The task
Starting at the line that contains "Fig. 3. The", write out every line through the last one in the records below, word for word. Leave out any pictures.

Recorded information
*** Begin section ***

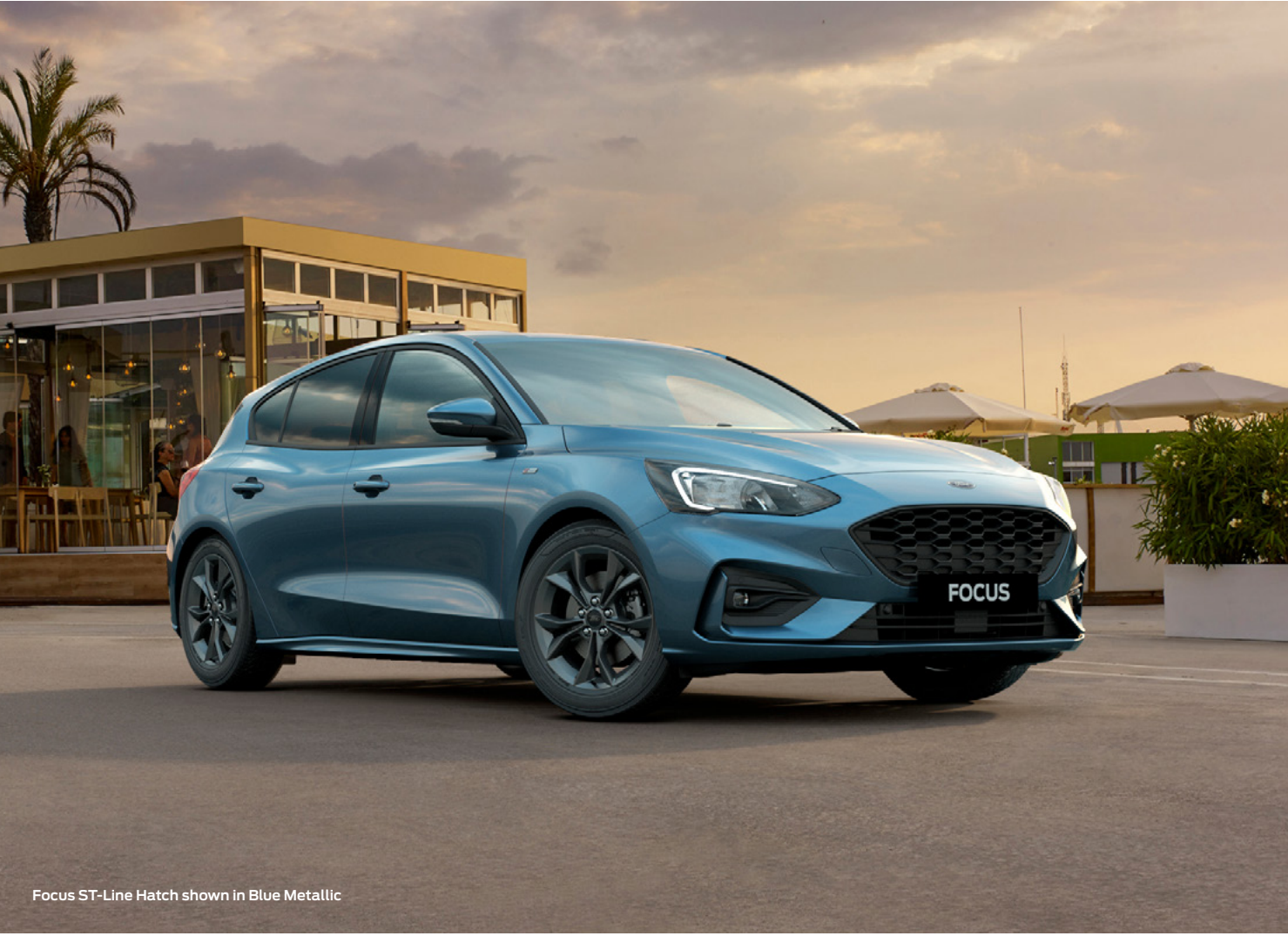
Focus ST-Line Hatch shown in Blue Metallic
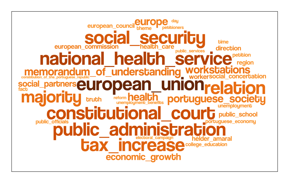
Fig. 3. The 40 most relevant keyphrases extracted from PS speeches collection.
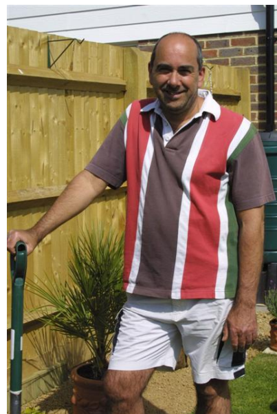
Ashford Borough Council
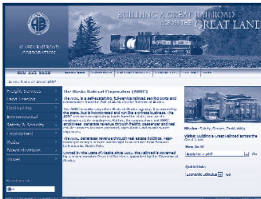
Alaska Railroad "Corporate" web site
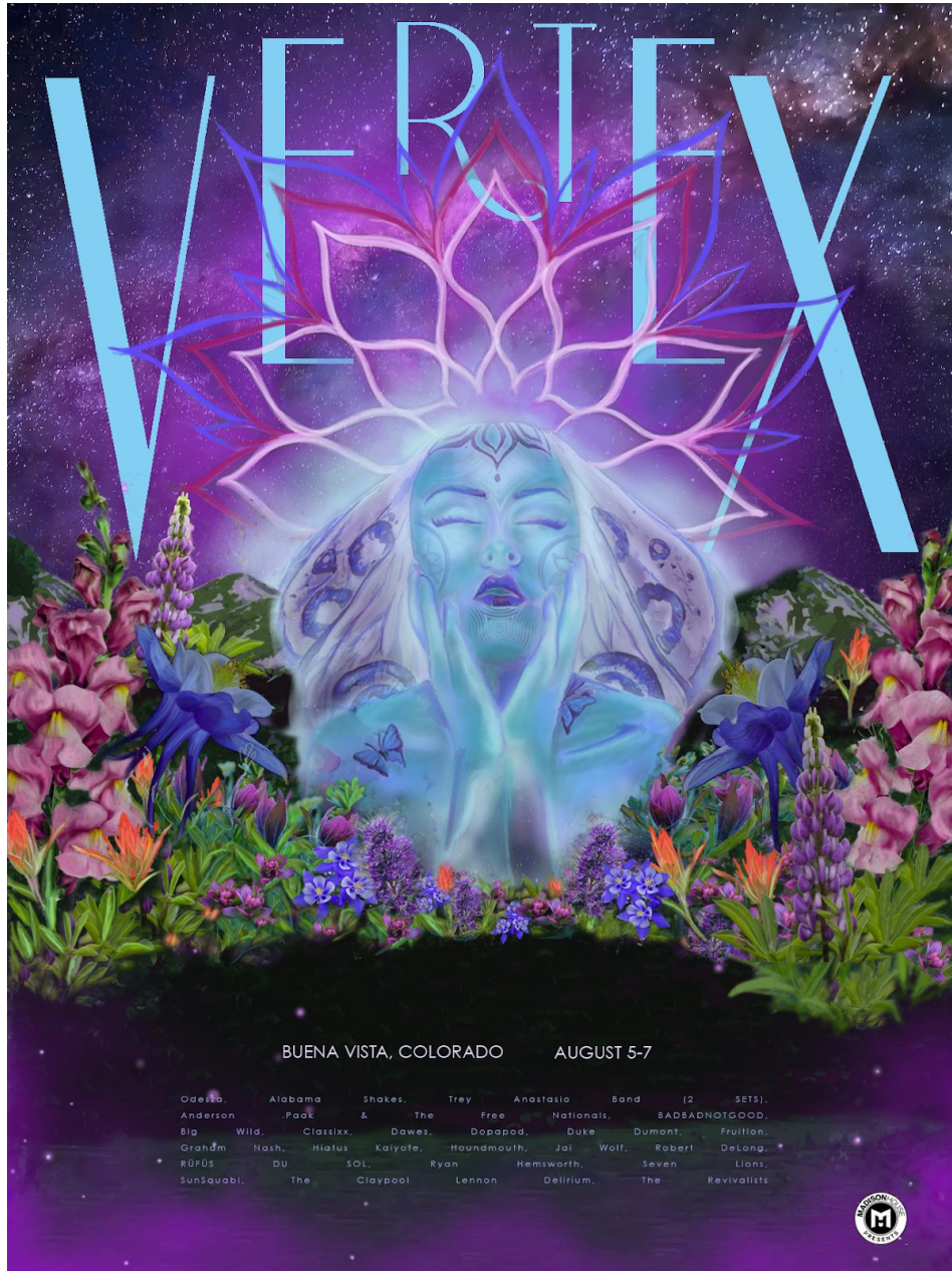
Figure 3: Vertex Music Festival Poster

*** End section ***

Solution below
Fig. 3. The 40 most relevant keyphrases extracted from PS speeches collection.
Ashford Borough Council
Alaska Railroad "Corporate" web site
Figure 3: Vertex Music Festival Poster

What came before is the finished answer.